Expliciet is de thematiek aanwezig in 'Sneeuw' (1973), 'Meeuwen' (1975) en 'Onder ijsbergen' (1981), drie romans die zijn gesitueerd op noordelijke eilanden en waarin een verdwijning in letterlijke of overdrachtelijke zin centraal staat. In 'Sneeuw' gaat het om een Nederlandse man die op een klein Zweeds eiland bij een auto-ongeluk zijn vrouw heeft verloren, maar zich van het fatale moment niets herinnert. Bijna als een detective probeert hij dat moment te herscheppen met ten slotte een fatale afloop.

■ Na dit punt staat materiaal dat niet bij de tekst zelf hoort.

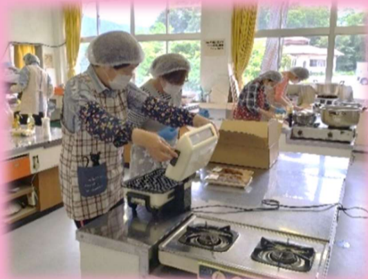
6月4日 弁当作りの様子です。山上地域振興センター第2会議室(調理室)で、4班のローテーションで作っています。食中毒の発生しやすい時期(7月~9月)は夕やけ弁当はお休みです。

「夕やけ弁当スタッフとして参加させてもらっています。コロナで長い間休んでいましたが、再開となりました。正直どうしようかなあという気持ちでしたが、弁当を待っていて下さる人がおられる事を思うと、気持ちを変えて頑張って参加しようと思直しました。自分の健康管理をして、美味しい弁当を提供出来るよう、スタッフ一同で献立を考えて、季節の料理を作りたいと思っています。月1回の弁当ですが、楽しみに待っていてください。」
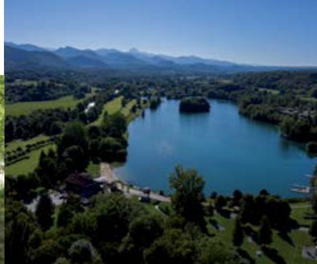
Lac de Montréjeau.
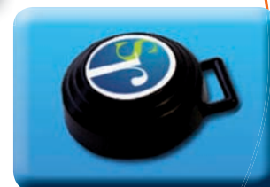
Dosimètre de la marque « PEARL »
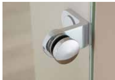
Punkthalter: Edition Style Edelstahl Chrom Glanz poliert
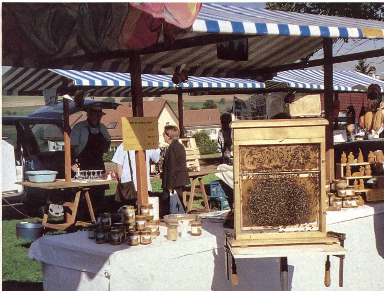
Banc de notre marché à Carrouge.

Ook demente mensen houden zich niet aan de lineaire tijdsopvatting. Ze maken als het ware de cirkel rond door terug te keren naar het beginpunt. Het moge dan ook duidelijk zijn dat Bernlefs meest succesvolle roman (in termen van verkoop) 'Hersenschimmen' zeer verweven is met de rest van zijn werk. Nadat hij in de verhalenbundels 'Hondedromen' (1974) en 'Anekdotes uit een zijstraat' (1978) al schreef over ouderdom, vergeetachtigheid en dementie, durfde hij het in deze roman aan om 'van binnenuit', namelijk vanuit het gezichtspunt van een dementerende man, te schrijven. Daardoor werd deze roman ook een veel directer en emotioneler boek dan veel van zijn andere werk. Waar de hoofdfiguur in 'Hersenschimmen' geleidelijk zijn wereld verliest, bouwt de hoofdfiguur in 'Eclips' (1994) deze juist geleidelijk weer op na tijdens het autorijden getroffen te zijn door een neurologische stoornis, waarschijnlijk een hersenbloeding. Zijn geheugen, gezichtsvermogen, spraak en motoriek zijn aangetast en komen stukje bij beetje terug.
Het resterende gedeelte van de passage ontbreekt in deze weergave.